By Moira MacDonald
Special to the Toronto Sun
Don't wait until you graduate.
It's the title of a popular book by Keith Luscher, telling post-secondary students to "jump-start" their careers while they're still in school by taking advantage of non-academic and networking opportunities. It's a common refrain sung by career counsellors at colleges and universities too.
Preparing for the job search process early is "probably the worst thing [students] do," sighs Karen Fast, manager of the career centre at the Humber Institute of Technology and Advanced Learning. Many students "wait until they graduate, and then they panic."
Instead, says Fast, students should take advantage of such opportunities as mock job interviews. Students go through a one-hour, one-on-one interview and get feedback from Humber counsellors on how they did. The centre also offers a free resume evaluation service.
"Often they don't use [the mock interview] until they're desperate, which is unfortunate because we see them at their lowest," says Fast.
Believing students need to start career planning early, Centennial College offers a workshop to prospective students called Towards Career Success, telling them what things they need to do both in and out of class, semester by semester, in order to be prepared for job seeking.
"What you need to do is add [skills] bit by bit so it's not overwhelming by the end," says Linda Lugli, a student employment adviser at the college.
At York University students can attend networking breakfasts with alumni who have gone into their chosen fields so students can see the breadth of career opportunities available to them.
WHAT STUDENTS COULD DO BETTER|
Karen Fast's Top Seven List:
Take a personal skills inventory. Other skills and life experiences besides your academic credentials can be valuable to employers too.

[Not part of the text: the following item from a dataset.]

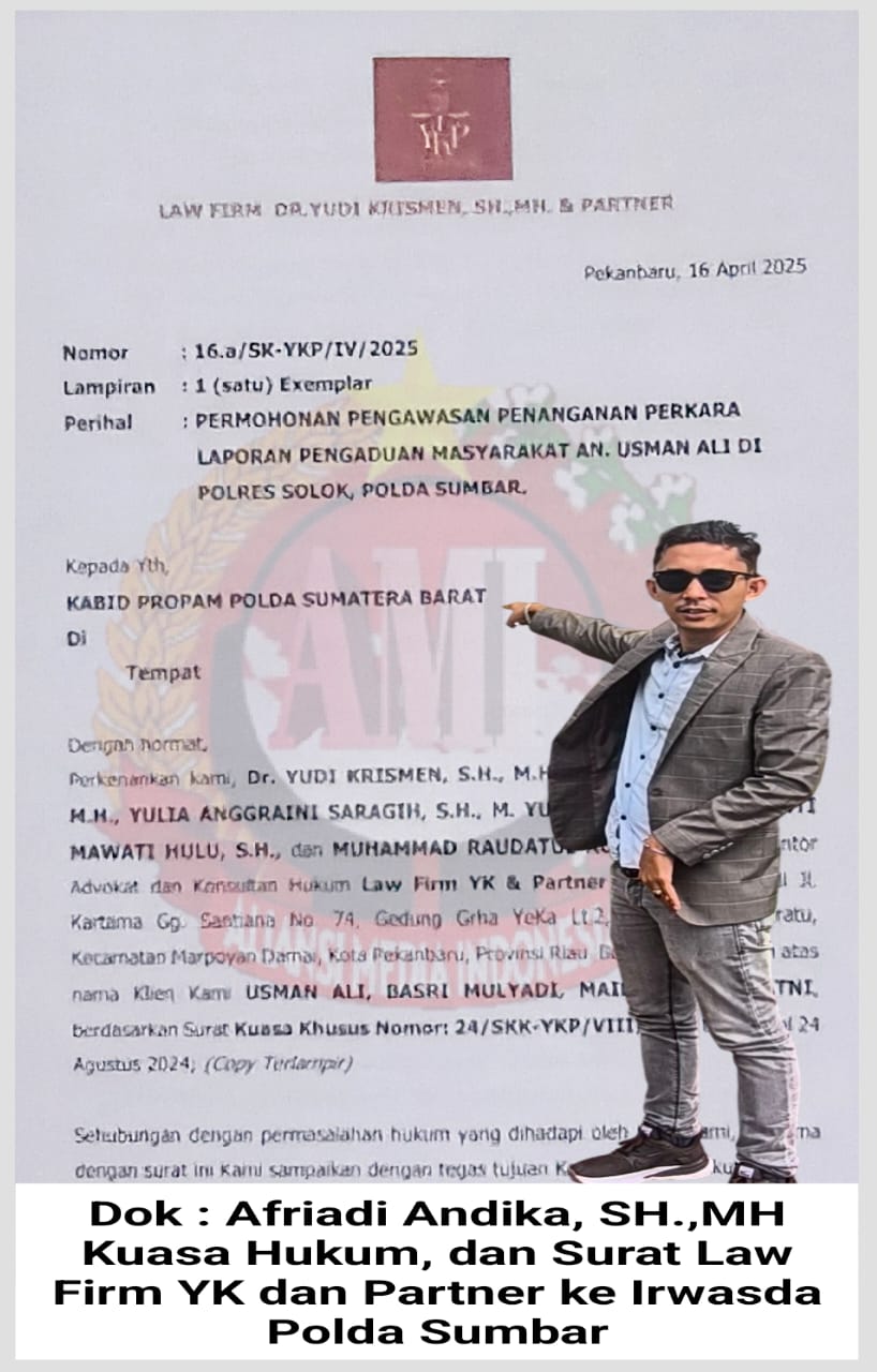 “Permohonan Pengawasan Penanganan kepada Irwasda dan Kabid Propam Polda Sumbar bernomor :16.b/SK-YKP/IV/2025 tertanggal 16 April 2025, diberikan atas Perkara nama Klien Kami berdasarkan Nomor Surat Kuasa Khusus bernomor :24/SKK-YKP/VIII/2024 tertanggal 24 Agustus 2024.” ucap Afriadi Andika,SH.,MH dalam pres rilisnya.

Use the Internet to learn all you can about prospective employers before you go in for an interview.
Develop a career portfolio throughout your post-secondary program. This includes all the documents and back-up information to support your academic and non-academic achievements. Include a list of references. Take it to the interview.
Create a self-marketing package. This includes a business card, a 30-second promo about who you are and your skills, a script to leave on an employer's voicemail when you can't reach the actual person and different styles of resume (e.g. electronic and paper)
Research job descriptions in your chosen area to see the common skills all employers are looking for.
Anticipate what a prospective employer's needs are, possible interview questions and your responses.
Visit your post-secondary institution's career centre or website well before you graduate such as www.careers.humber.ca; York's award-winning Career Cyberguide at www.yorku.ca/careers/cyberguide; www.centennialcollege.ca/findajob; or www.ryerson.ca/career.
"We're very much fans of 'planned happenstance,' " says Cathy Keates, manager of curriculum and service at York's career centre. That does not mean ignoring career planning but instead, taking an open-minded approach that allows students to explore their interests both in and out of class.
Students should also not ignore the growing importance of "soft skills" such as leadership, self-motivation and the ability to communicate well with others, career counsellors say. These are often developed through outside activities, both volunteer and even summer jobs that may not seem directly related to a person's chosen career field. Ryerson University offers a four-year mentoring program where students can build up their leadership and communication skills, as well as get helpful career prep advice from more senior people.
"From the time that students are first here we encourage them to be looking for opportunities, developing leadership skills and exploring their career options," says Liz Devine, skills development manager with Ryerson's student services department.